=== Begin Enclosure ===
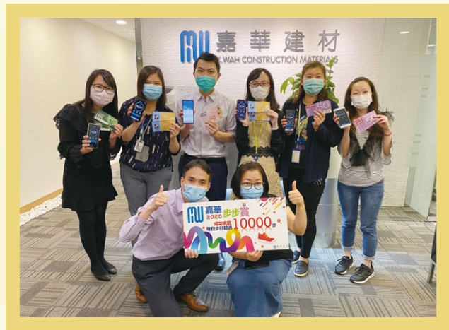
「嘉華步步賞」健康計劃宣傳「走多一點，健康多一點」的概念。

嘉華建材於本年度榮獲ISO 50001能源管理體系認證。我們認為，採用國際認可的能源管理體系可提升旗下業務的能源效益，減少損耗電力資源，從而幫助減緩氣候變化。
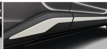
פס קישוט צד
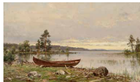
Hjalmar Munsterhjelm, Aikainen aamu Saimaan rannalla, Lappeenrannan museot, Viipurin Taiteenystävät ry:n talletus
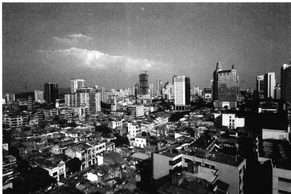
◎俯瞰老越秀区。所谓老广州的核心地带，是我生长的地方。拍于2008年12月。假如现在拍的话，很多房顶都变成橙色的尖顶玻璃钢了。佳能5D。
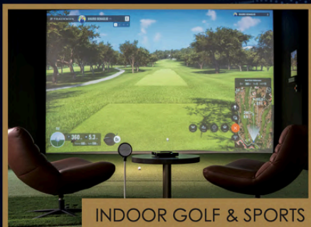
INDOOR GOLF & SPORTS
=== End Enclosure ===
## TASK REQUIREMENTS:
Give the data back exactly, omitting all pictures.

## ANSWER FOR THIS EXERCISE:
「嘉華步步賞」健康計劃宣傳「走多一點，健康多一點」的概念。

嘉華建材於本年度榮獲ISO 50001能源管理體系認證。我們認為，採用國際認可的能源管理體系可提升旗下業務的能源效益，減少損耗電力資源，從而幫助減緩氣候變化。
פס קישוט צד
Hjalmar Munsterhjelm, Aikainen aamu Saimaan rannalla, Lappeenrannan museot, Viipurin Taiteenystävät ry:n talletus
◎俯瞰老越秀区。所谓老广州的核心地带，是我生长的地方。拍于2008年12月。假如现在拍的话，很多房顶都变成橙色的尖顶玻璃钢了。佳能5D。
INDOOR GOLF & SPORTS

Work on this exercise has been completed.